3) Connections are visible like other Power Platform connections
Each model connection a maker sets up is also available as a connection (similar to how Power Apps connections appear).
4) Responsible AI (RAI)
Microsoft recommends applying Responsible AI (RAI) policies for the models you use and managing that in Microsoft Foundry.
Design Pattern: How to Structure Prompts When You Bring Your Own Model
When you start choosing different models for different prompts, a simple pattern works best:
- One prompt = one “job”
- Example: “Summarize customer email”
- Separate prompt: “Extract order number and dates”
- Use the right model per job
- Lower-cost / faster model for extraction or formatting
- Strong reasoning model for complex decision support
- Keep the prompt stable
- Remember: your prompt will always run on the selected model
- So changes in model selection can change behavior; treat model choice like a “configuration decision”.
Use Cases
1) Industry-specific assistant (Healthcare / Legal / Finance)
- You choose a model that best fits domain language or compliance needs (through Foundry catalog)
- Use prompts for summarization, classification, or drafting, while still keeping the agent logic in Copilot Studio
2) Multi-model strategy inside one agent
Within the same Copilot Studio agent:
- Prompt A uses a fast model for “extract entities”
- Prompt B uses a stronger model for “generate final response”
This is possible because model selection happens per prompt tool.
3) Controlled rollouts and governance
Because Foundry models are connected via a connector and can be governed via DLP policies in Power Platform admin center, you can:
- allow only approved teams to use the connector
- restrict usage in certain environments (Dev/Test/Prod)
- enforce compliance boundaries
Summary
Microsoft Copilot Studio now allows organizations to bring their own Microsoft Foundry models directly into prompt actions, giving enterprises greater control over which AI model powers each specific task inside an agent.

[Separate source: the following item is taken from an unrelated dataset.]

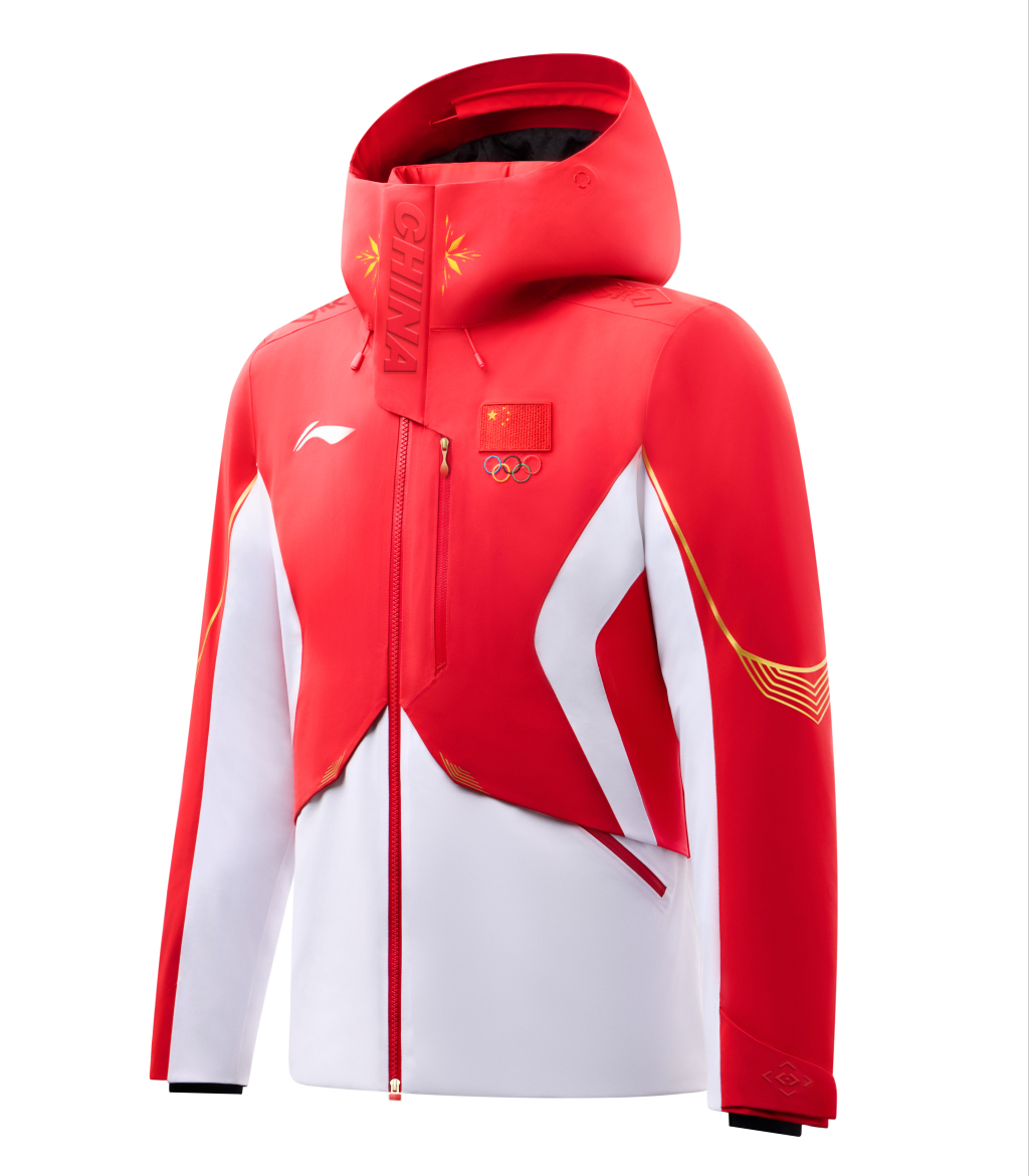 2026年米兰冬奥会中国体育代表团领奖装备以红、白两色为主色调。“中国红”彰显中国文化元素,在正面勾勒出象征着五角星的线条;“雪山白”灵感源自冬季运动场景,融入了东方审美里的留白意境,在侧身勾勒出李宁品牌标识线条,同时搭配以雪道为原型的金色流线型线条为点缀,全身采用上红下白的色彩拼接,凸显中国运动健儿的挺拔身姿。

Instead of relying only on default managed models, makers can connect a model deployed in Microsoft Foundry by selecting it in the Model dropdown within a Prompt tool, entering the correct deployment and base model names, and using it immediately inside agent flows. Every time that prompt runs, it consistently uses the selected model—enabling predictable behavior and controlled AI design.